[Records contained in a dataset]

»»

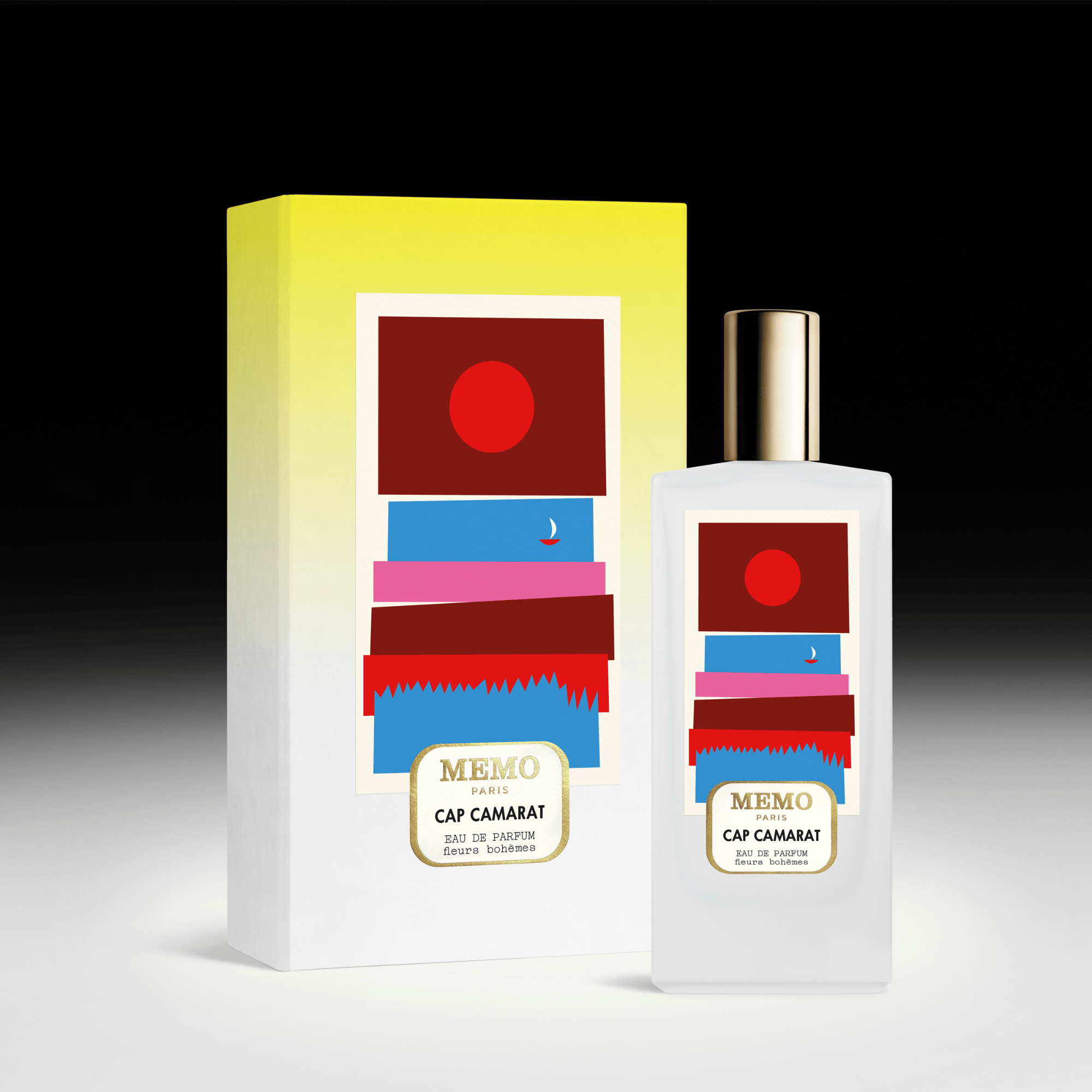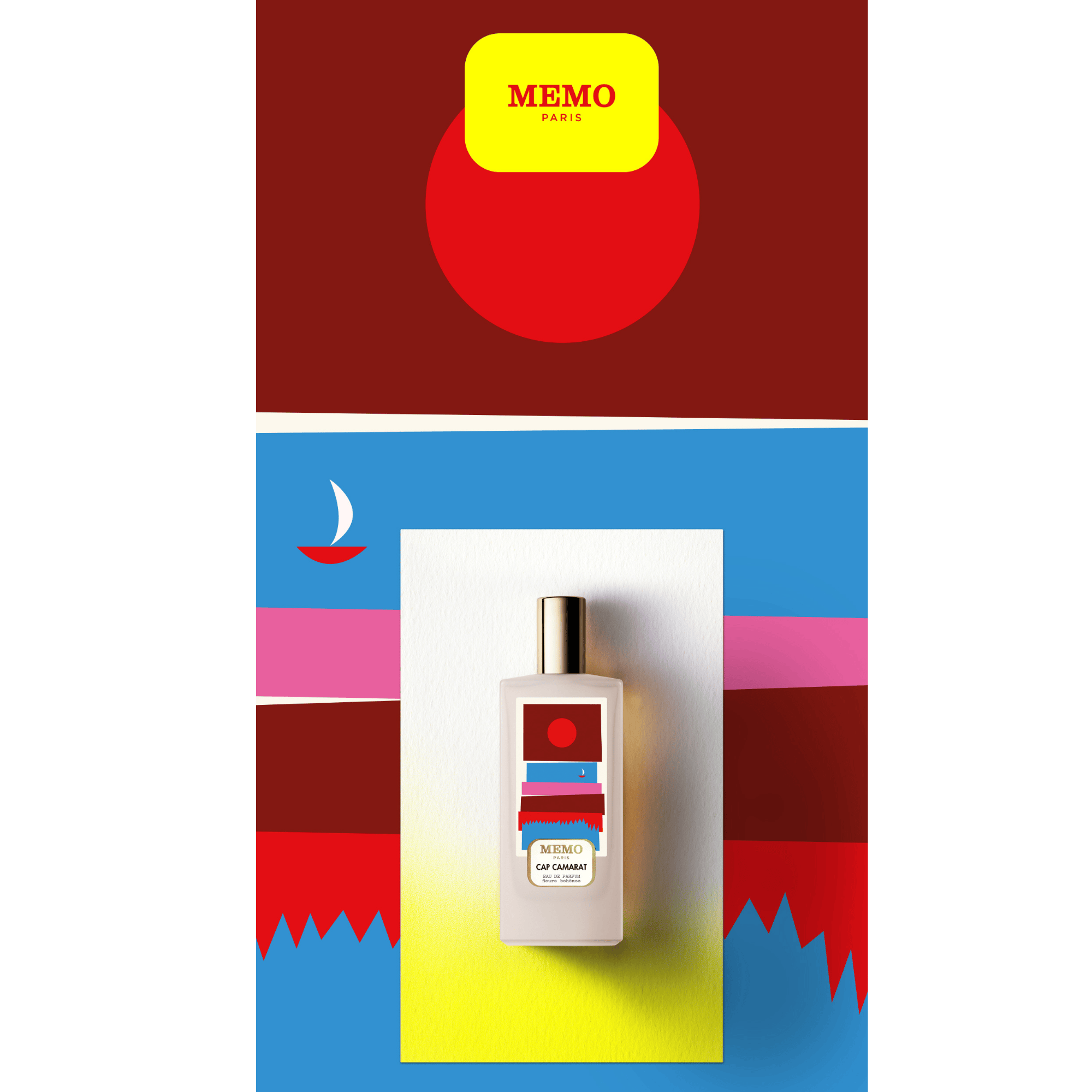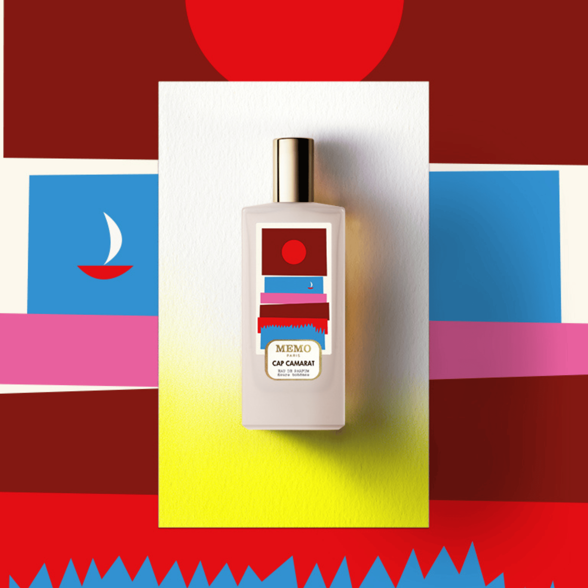 Para este lanzamiento, Memo Paris ha colaborado con la reconocida ilustradora italiana Olimpia Zagnoli, que reinterpreta el universo de Cap Camarat a través de una edición artística especial del frasco.
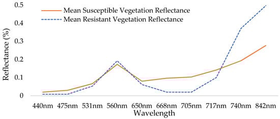In addition to thermal extraction from the Zenmuse XT2, extractions of NDVI and a 3-band composite image from the Red-Edge MX Dual Camera system were also made to serve as comparisons. By using the Spectral Profile tool within ArcGIS, the reflectance of glyphosate-resistant vegetation and glyphosate-susceptible vegetation were compared at each of the ten bands provided by the Red-Edge MX Dual Camera system.
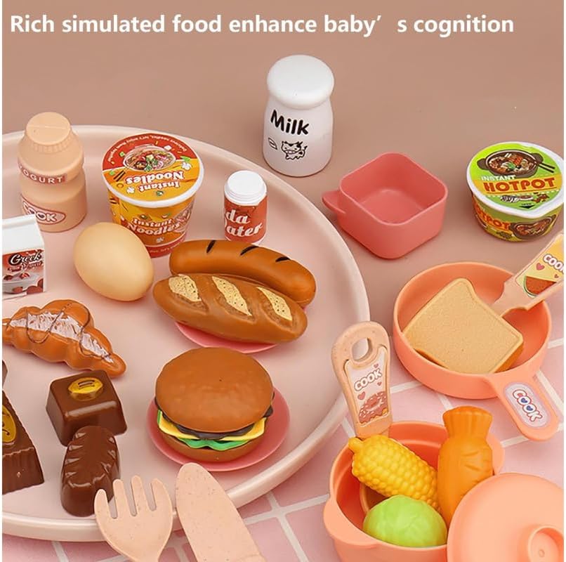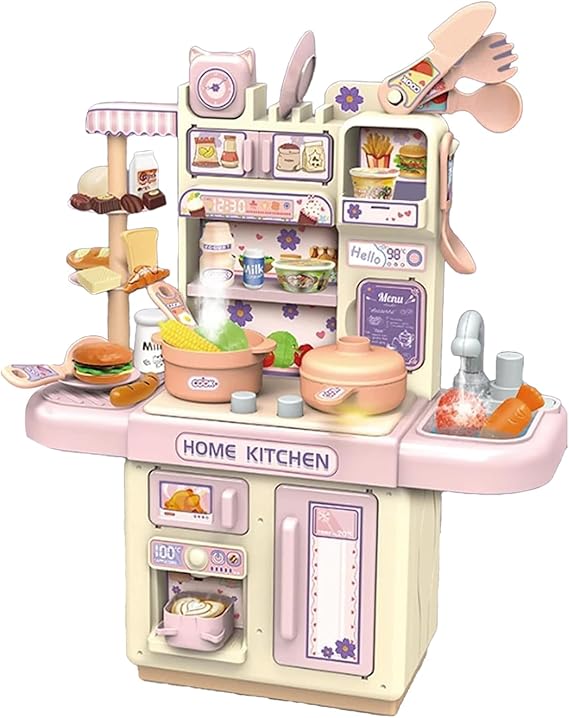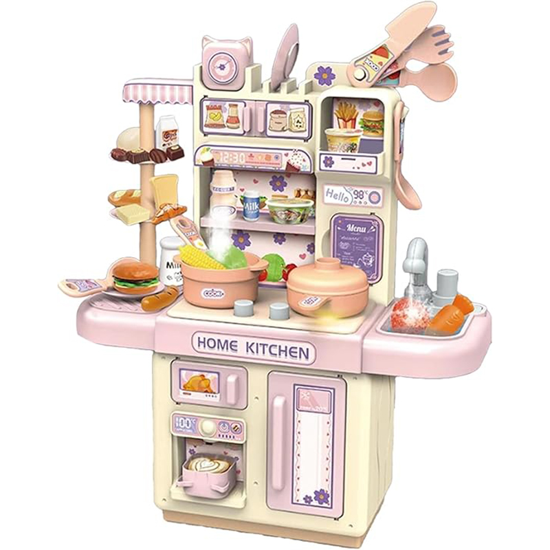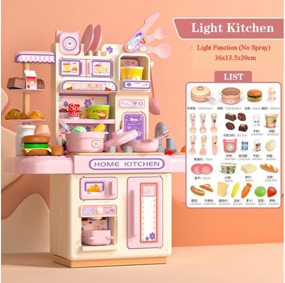 Kitchen Toys with Realistic Steam and Light 39 Piece Kitchen Accessories Set Mini Kitchen Set for Kids Pretend Play Food Toys for Boys Girls Age 3+ (Purple)
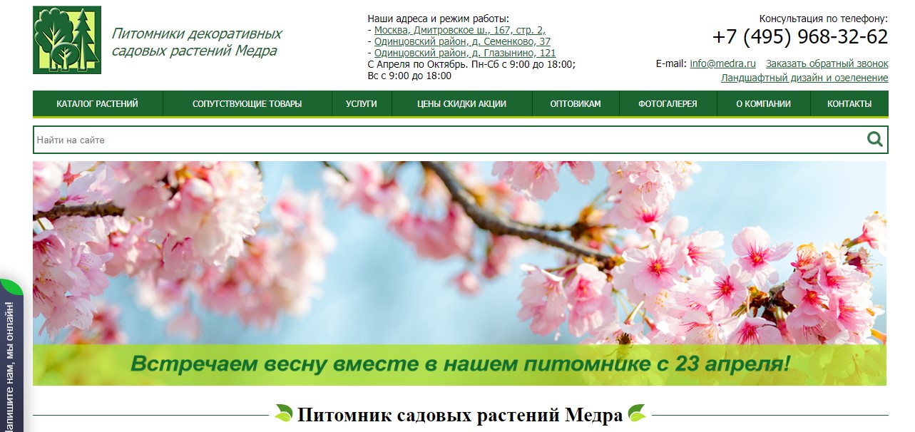 The Moscow company "Medra" has been growing seedlings for 20 years in garden centers and a nursery. Buyers can watch the process of caring for plants live. The organization has grown and sold more than 1.5 million planting materials: trees, shrubs, flowers. The range is so rich that it impresses the most sophisticated gardening enthusiasts.
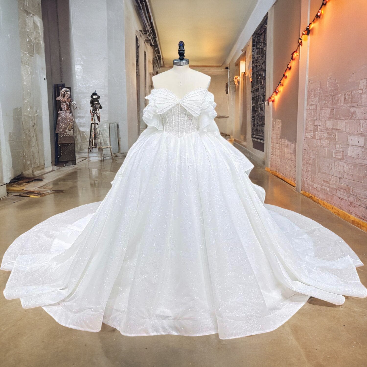 Beaded Pearl Ball Gown Wedding Dress with Bow Off the Shoulder Luxury Bridal Gown
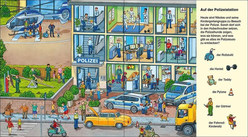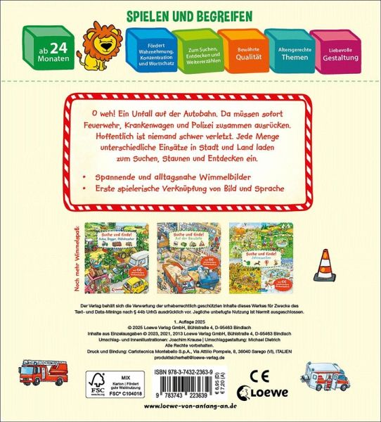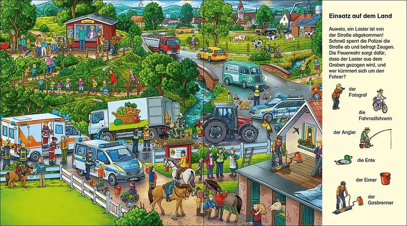 O weh! Ein Unfall auf der Autobahn. Da müssen sofort Feuerwehr, Krankenwagen und Polizei zusammen ausrücken. Hoffentlich ist niemand schwer verletzt. Jede Menge unterschiedliche Einsätze in Stadt und Land laden zum Suchen, Staunen und Entdecken ein.
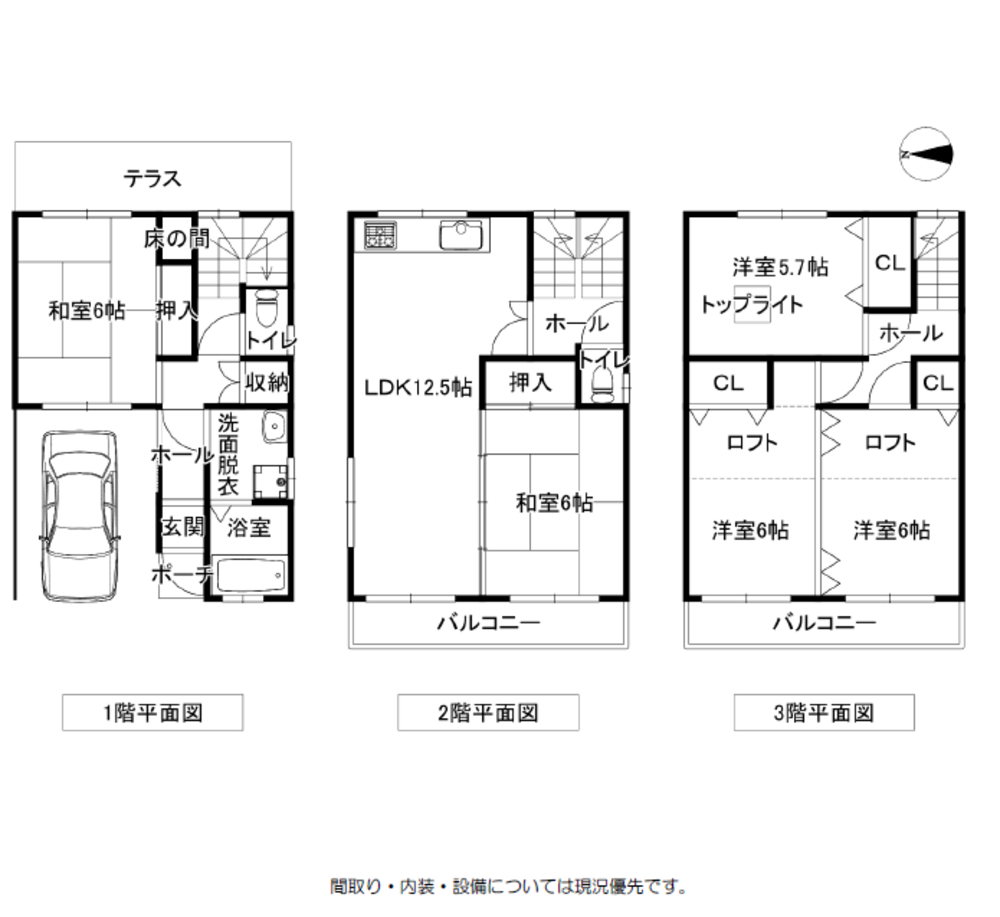間取り、内装、設備については現況優先です。

««

**WHAT IS EXPECTED**: Make a word-for-word copy of the entries, without any pictures.

**RESULT OF THE EXERCISE**:
 Para este lanzamiento, Memo Paris ha colaborado con la reconocida ilustradora italiana Olimpia Zagnoli, que reinterpreta el universo de Cap Camarat a través de una edición artística especial del frasco.
In addition to thermal extraction from the Zenmuse XT2, extractions of NDVI and a 3-band composite image from the Red-Edge MX Dual Camera system were also made to serve as comparisons. By using the Spectral Profile tool within ArcGIS, the reflectance of glyphosate-resistant vegetation and glyphosate-susceptible vegetation were compared at each of the ten bands provided by the Red-Edge MX Dual Camera system.
 Kitchen Toys with Realistic Steam and Light 39 Piece Kitchen Accessories Set Mini Kitchen Set for Kids Pretend Play Food Toys for Boys Girls Age 3+ (Purple)
 The Moscow company "Medra" has been growing seedlings for 20 years in garden centers and a nursery. Buyers can watch the process of caring for plants live. The organization has grown and sold more than 1.5 million planting materials: trees, shrubs, flowers. The range is so rich that it impresses the most sophisticated gardening enthusiasts.
 Beaded Pearl Ball Gown Wedding Dress with Bow Off the Shoulder Luxury Bridal Gown
 O weh! Ein Unfall auf der Autobahn. Da müssen sofort Feuerwehr, Krankenwagen und Polizei zusammen ausrücken. Hoffentlich ist niemand schwer verletzt. Jede Menge unterschiedliche Einsätze in Stadt und Land laden zum Suchen, Staunen und Entdecken ein.
間取り、内装、設備については現況優先です。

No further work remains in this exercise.